06:49 🔗 Vito`` yeah, I expect to completely replace wget with phantomjs at some point
06:50 🔗 Vito`` well, except for single-file mirroring, like a PDF or something
09:43 🔗 godane chronomex: if vgmusic.com is just midi files then i may look at archiving it so we have a full warc.gz of it
09:51 🔗 BlueMaxim godane it pretty much is, to my knowledge
13:11 🔗 hiker1 I am trying to download a site that uses assets on a subdomain. I used --span-hosts and --domains, but now it's making a duplicate copy of the site for the www. domain extension. I set -D to include tinypic.com so that it would download hotlinked images, but it seems to have downloaded some of the web pages from tinypic too.

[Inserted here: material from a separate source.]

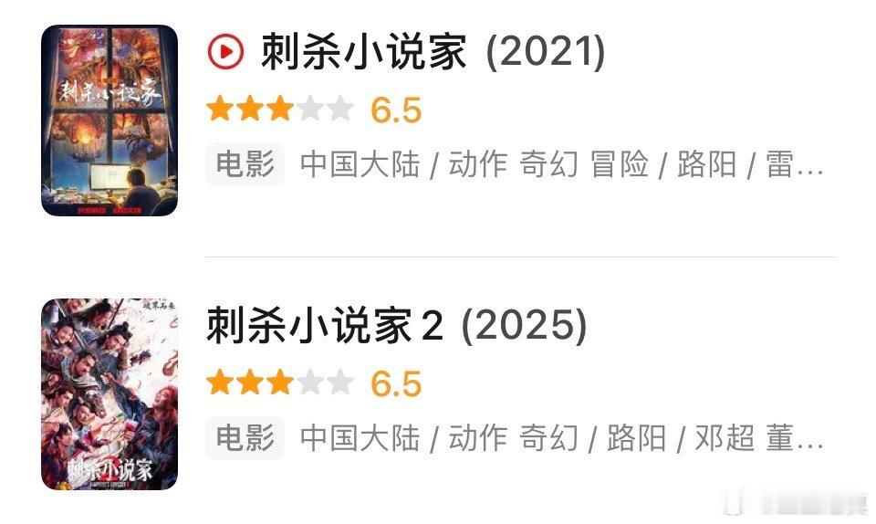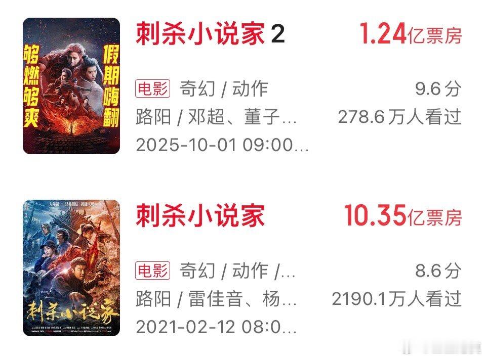 《刺杀小说家2》预测票房从7.23亿降至5.05亿。今天晚上大概率还会继续下调。最终票房有可能4亿出头,将不及第一部的一半(《刺杀小说家》票房10.35亿)。《刺杀小说家》第一部、第二部豆瓣评分都是6.5分。但第二部可能还会继续下滑。第一部三位主角分别是雷佳音、杨幂、董子健。第二部三位主角分别是邓超、董子健、雷佳音。导演都是路阳。

13:20 🔗 ersi AFAIK the images from tinypic are hosted on an subdomain
13:20 🔗 ersi like i.tinypic.com or something like that
13:23 🔗 hiker1 yes
13:24 🔗 hiker1 But how do I tell it to not access ^tinypic.com and only access *.tinypic.com?
13:25 🔗 hiker1 --domains and --exclude-domains don't appear to accept wildcards or regex
13:30 🔗 schbirid1 correct
13:49 🔗 hiker1 How can I avoid downloading from the wrong domain then?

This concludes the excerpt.